▶ The task
Set down the data below word for word, and leave the images aside.

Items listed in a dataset
--- START ---
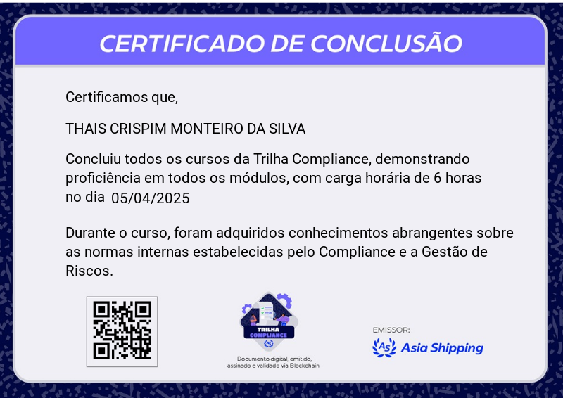 A Trilha Compliance é mais uma Badge do programa de certificação da Asia Shipping. Com ela você terá a oportunidade de conhecer mas sobre Compliance na Asia Shipping, como também Gestão de Riscos, suas principais definições e etapas de identificação.
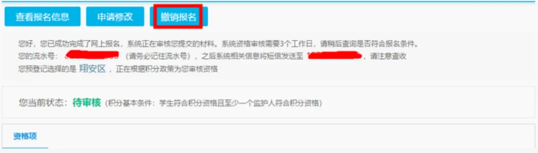 因个人原因,不再参加积分入学,可点击“撤销报名”。
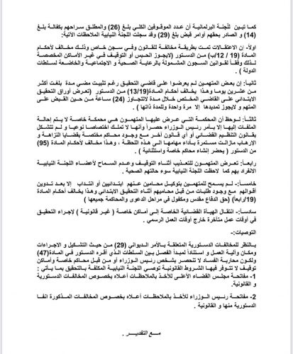 بالوثائق.. محضر لجنة نيابية بشأن الموقوفين وفق “امر” مكافحة الفساد
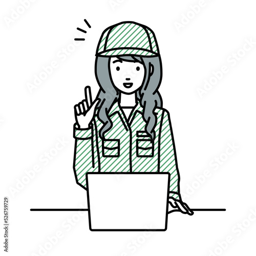 デスクで座ってPCを開いて何かひらめいた作業員の女性
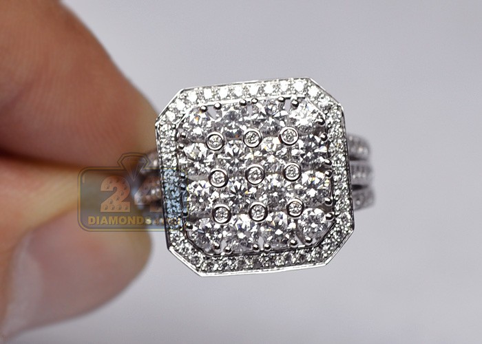 Add a luxurious vintage vibe to your look with our square shaped signet! The ring is professionally designed in lustrous 18k white gold with shiny polished finish, and masterly encrusted with genuine white round cut diamonds of various sized totaling 2.48 carat. Impressive eye clean and sparkling brilliants feature VS2-SI1 clarity and G-H color. Absolutely breathtaking shine of this gorgeous jewel will catch a lot of attention!
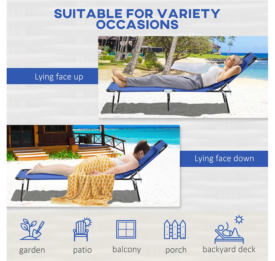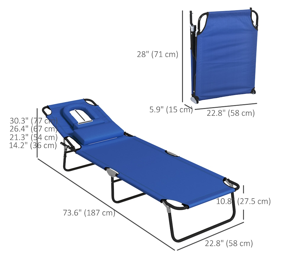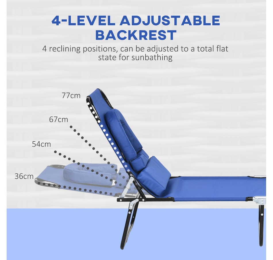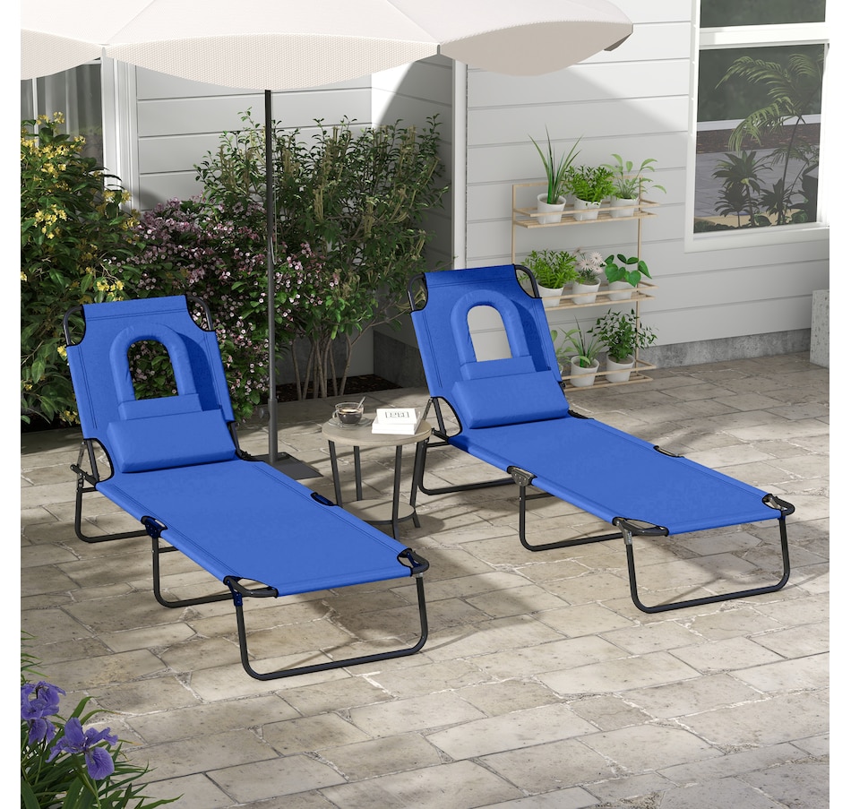 Our Outsunny folding sun lounger set of 2 features high-quality steel construction, making it great for enjoying the sun on your patio, conservatory, poolside, or garden. With 4 adjustable backrest positions and a unique face hole, you can sunbathe in comfort.
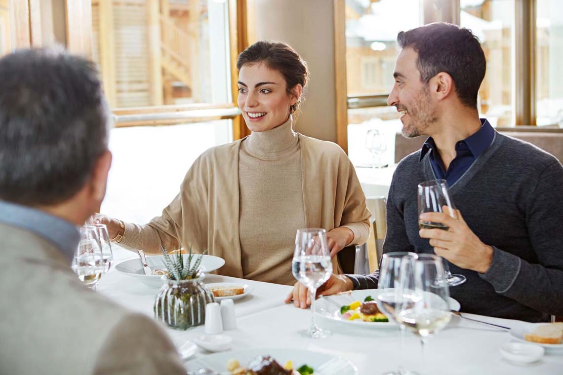 Når I bor i chaletlejlighederne, får I skøn stor morgenbuffet på hotellet og kan selv vælge at lave mad i chalettet eller spise på hotellet.
--- END ---
▶ Your response
 A Trilha Compliance é mais uma Badge do programa de certificação da Asia Shipping. Com ela você terá a oportunidade de conhecer mas sobre Compliance na Asia Shipping, como também Gestão de Riscos, suas principais definições e etapas de identificação.
 因个人原因,不再参加积分入学,可点击“撤销报名”。
 بالوثائق.. محضر لجنة نيابية بشأن الموقوفين وفق “امر” مكافحة الفساد
 デスクで座ってPCを開いて何かひらめいた作業員の女性
 Add a luxurious vintage vibe to your look with our square shaped signet! The ring is professionally designed in lustrous 18k white gold with shiny polished finish, and masterly encrusted with genuine white round cut diamonds of various sized totaling 2.48 carat. Impressive eye clean and sparkling brilliants feature VS2-SI1 clarity and G-H color. Absolutely breathtaking shine of this gorgeous jewel will catch a lot of attention!
 Our Outsunny folding sun lounger set of 2 features high-quality steel construction, making it great for enjoying the sun on your patio, conservatory, poolside, or garden. With 4 adjustable backrest positions and a unique face hole, you can sunbathe in comfort.
 Når I bor i chaletlejlighederne, får I skøn stor morgenbuffet på hotellet og kan selv vælge at lave mad i chalettet eller spise på hotellet.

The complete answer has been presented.